Levin's committee presented the findings of a year-long probe into so-called basket options, which Levin said can be misused to lower taxes, and plans to grill representatives from the banks and Renaissance in a public hearing on Tuesday.

The hearing by one of the Senate's most high-profile panels comes less than a month after New York's attorney general filed a fraud lawsuit against Barclays, accusing the British bank of giving an unfair edge to high-frequency traders.

And Deutsche Bank, facing an array of investigations into the conduct of its staff that includes the Libor benchmark rate scandal, has set aside another 1.8 billion euros ($2.43 billion) to pay fines after already paying more than 5 billion euros over the past two years.

But Levin stopped short of accusing either bank or the hedge funds of doing something illegal, and Deutsche said the option products it offered were "at all times fully compliant with applicable laws, regulations and guidance."

A Renaissance spokesman said: "We believe that the tax treatment for the option transactions being reviewed by the (panel) is appropriate under current law. These options provide Renaissance with substantial business benefits."

Barclays also said it had been fully compliant with the law, and that it had cooperated with the committee.

FICTIONAL OPTIONS

The two banks enabled at least 13 hedge funds to conduct over $100 billion in securities trades, the panel said. The profits were taxed as long-term capital gains, even though the positions were often held for only seconds. In the case of Renaissance alone, the fund paid an estimated $6.8 billion less in taxes because short-term trading profits are taxed at a much higher rate, the report said.

The products offered by the banks were styled as options in an account that was nominally held by the bank, but was in fact controlled by the hedge funds, which bought and sold the assets, and profited from the trading, the report said.

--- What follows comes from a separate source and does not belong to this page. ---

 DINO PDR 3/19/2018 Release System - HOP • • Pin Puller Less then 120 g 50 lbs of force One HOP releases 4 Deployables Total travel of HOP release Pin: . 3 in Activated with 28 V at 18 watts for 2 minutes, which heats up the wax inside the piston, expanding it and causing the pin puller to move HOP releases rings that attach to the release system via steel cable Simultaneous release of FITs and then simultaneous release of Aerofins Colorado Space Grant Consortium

The hedge fund then paid the lower tax rate on long-term capital gains, arguing that profits came from exercising the option, rather than from the underlying trades. But the options were fictional, the panel found.

The U.S. tax authority, the Internal Revenue Service, said in 2010 that basket options do not function like an option and should not be treated as such, but that opinion has no status as an official rule, and the IRS has not pressed any cases.

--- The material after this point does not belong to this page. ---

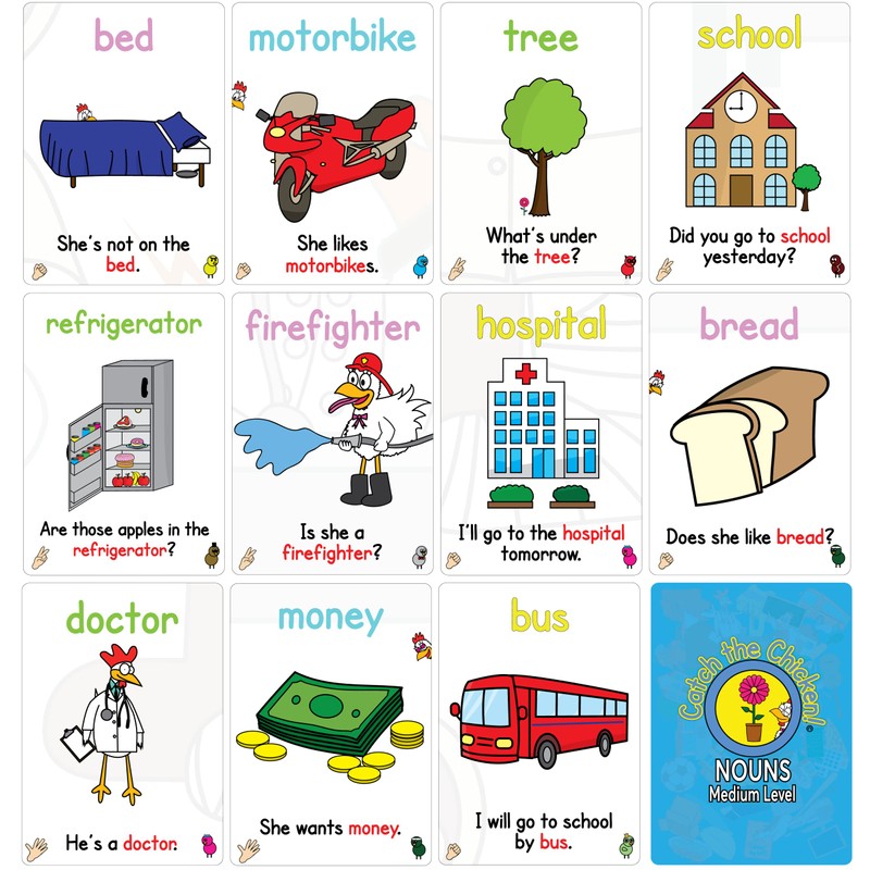 NOUNS English Card Game Catch The Chicken English Card Game Medium Level Children's English Noun Flashcard

Renaissance has been debating the issue with the IRS for six years, the spokesman said. The two banks have now stopped offering the products, the panel said.

Levin's panel issued a number of recommendations from the report that were largely targeted at the IRS, urging it to audit hedge funds that used basket options, and calling for a change in legislation to make it easier to look at large partnerships such as hedge funds, which go largely unaudited.

"The IRS hasn't completed their review. It's about time they do. It's long overdue," Levin said.

Another problem with basket options was that they enabled funds to take on more debt than otherwise possible, potentially posing a risk to the overall financial system, the report said.

Renaissance used basket options to borrow 20 times as much money as was put in the accounts. The fund had been unable to achieve such so-called leverage levels in other settings under federal rules, the report added.